Objective. Tuberculosis (TB) infection is highly prevalent in developing countries. As infected children represent a large proportion of the pool from which TB cases will arise, knowledge of the factors that influence TB infection in children are of importance to evaluate transmission of infection in the community and adapt TB control activities. There are limited data on the risk of infection in child populations in developing countries.

Methods. We performed a household contact study in The Gambia (West Africa), in which children who were living in contact with individuals who had proven smear-positive pulmonary TB cases were investigated. A questionnaire was addressed to the mother or caregiver of the child to investigate the presence of various risk factors and assess the degree of exposure of the child to the individual with TB within the household. A tuberculin skin test (TST) was performed on each child. TST sizes ≥5 and 10 mm, respectively, were considered positive.
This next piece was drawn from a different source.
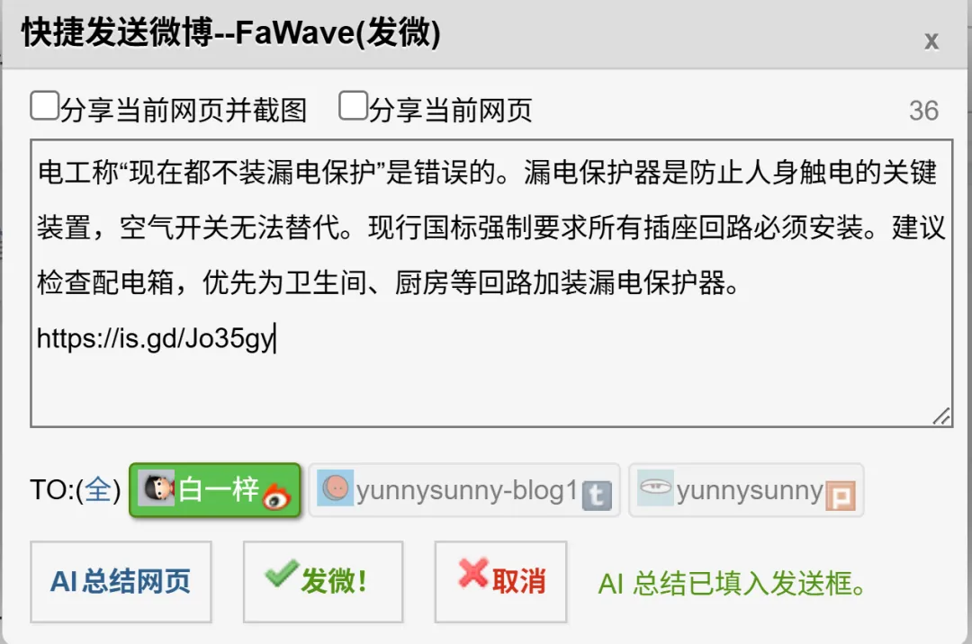 在重构 FaWave 过程中,我新增了网页 AI 总结能力,可基于当前网页内容生成适合直接分享的短摘要,算是紧跟 AI 时代的潮流了吧。也不枉我这么多天的改造,也算给给为老用户提供点新鲜的东西,算是给这次改造暂时画个句号吧。

Results. Households of 206 TB cases were visited, and 384 children aged <5 years were examined. The median age was 2, and 48% were girls. The distribution of TST responses followed a bimodal pattern, with 135 (35%) children presenting a palpable induration. Random effects logistic regression analysis demonstrated that the risk of positive TST response in the child increased with the geographic proximity of the child to the individual with TB within the household and with the degree of activities shared with the individual with TB. It was also associated with the clinical severity of the disease in the index case. Nutritional status and presence of a bacille Calmette-Guérin (BCG) scar were not independent risk factors for TST positivity in this population. On multivariate analysis, the effect of geographic proximity to the individual with TB, household size, and duration of cough in the index case persisted for TST responses ≥5 mm.

Conclusions. In a highly endemic country with high BCG vaccination coverage in Africa, TB infection in children who were in contact with individual with infectious TB was directly related to the intensity of exposure of the child to the individual with TB. Our data suggest that a positive TST in a child reflects most probably TB infection rather than previous BCG vaccination. Contact tracing can play a major role in the control of TB in developing countries.